### AIM OF THE TASK
Everything in the listing should be copied exactly, save for the pictures.

### SOURCE MATERIAL
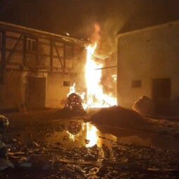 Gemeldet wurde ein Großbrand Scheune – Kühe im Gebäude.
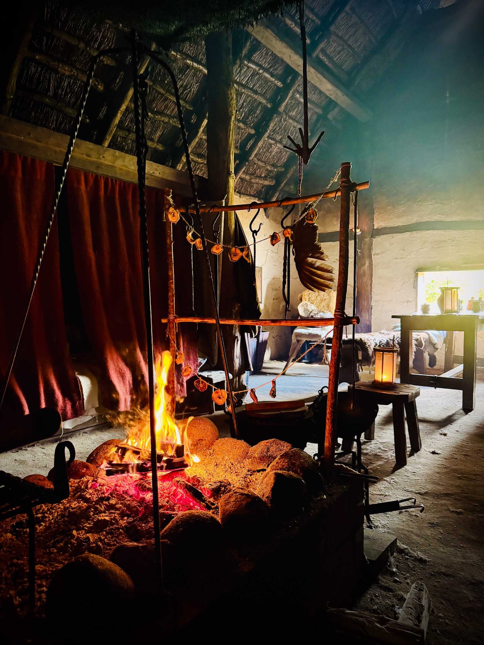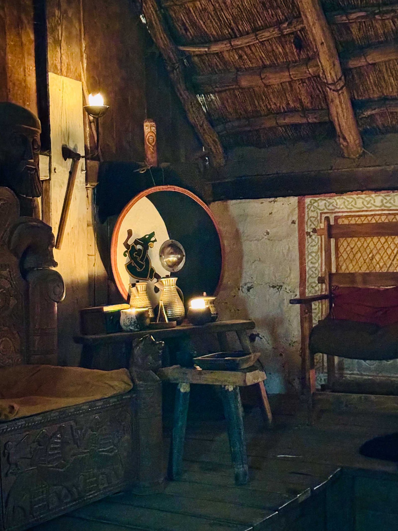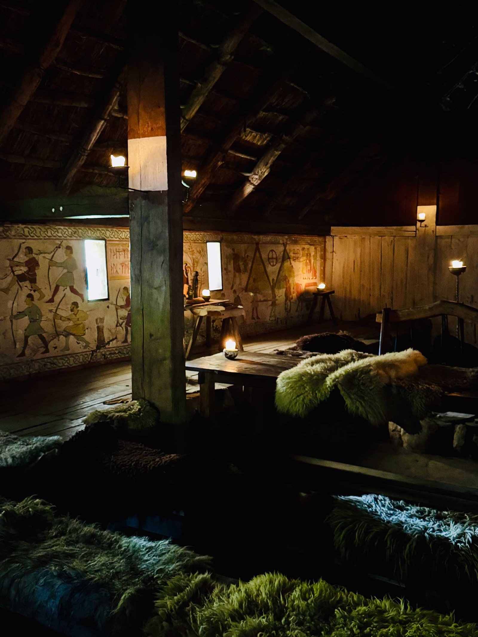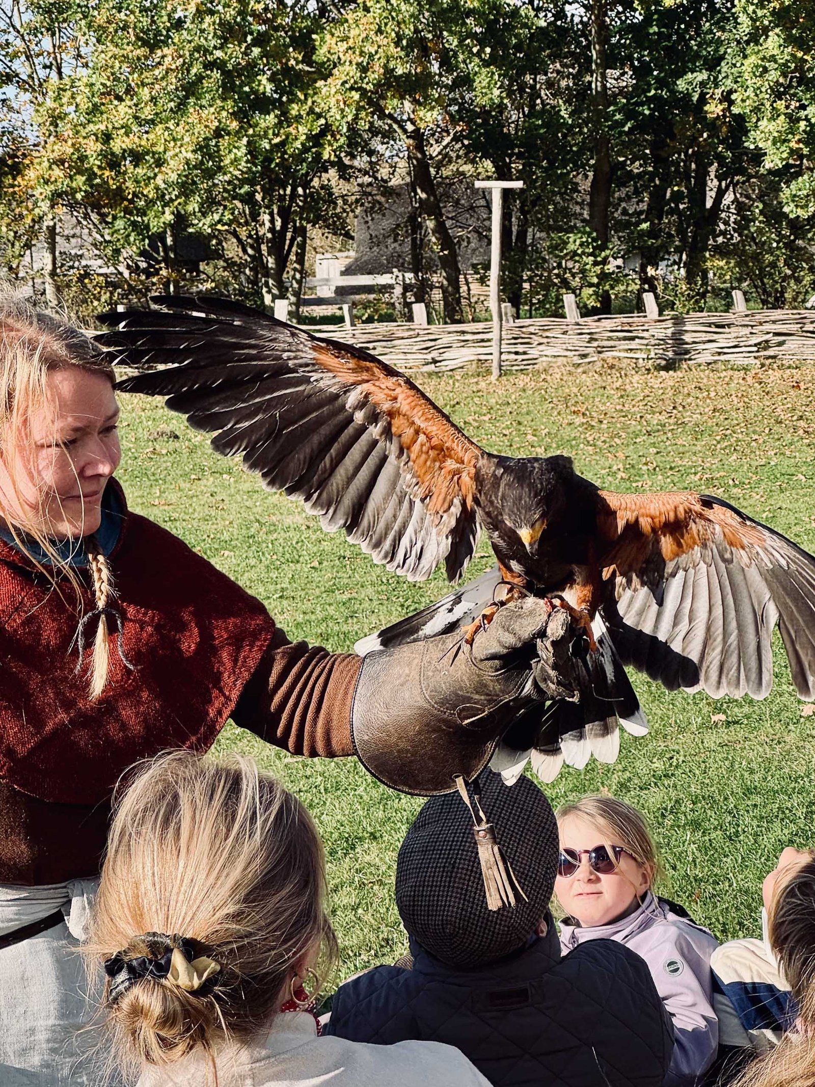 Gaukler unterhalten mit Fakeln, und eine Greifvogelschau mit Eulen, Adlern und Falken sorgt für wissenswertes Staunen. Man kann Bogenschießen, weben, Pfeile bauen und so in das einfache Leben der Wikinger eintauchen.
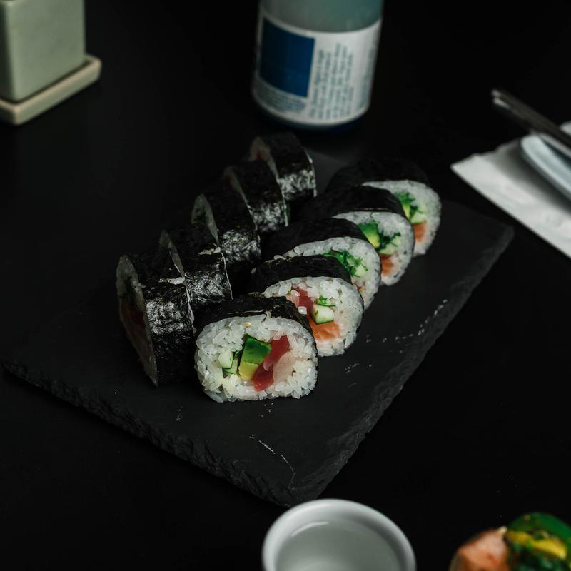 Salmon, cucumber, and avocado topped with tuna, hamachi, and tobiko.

### YOUR SOLUTION
 Gemeldet wurde ein Großbrand Scheune – Kühe im Gebäude.
 Gaukler unterhalten mit Fakeln, und eine Greifvogelschau mit Eulen, Adlern und Falken sorgt für wissenswertes Staunen. Man kann Bogenschießen, weben, Pfeile bauen und so in das einfache Leben der Wikinger eintauchen.
 Salmon, cucumber, and avocado topped with tuna, hamachi, and tobiko.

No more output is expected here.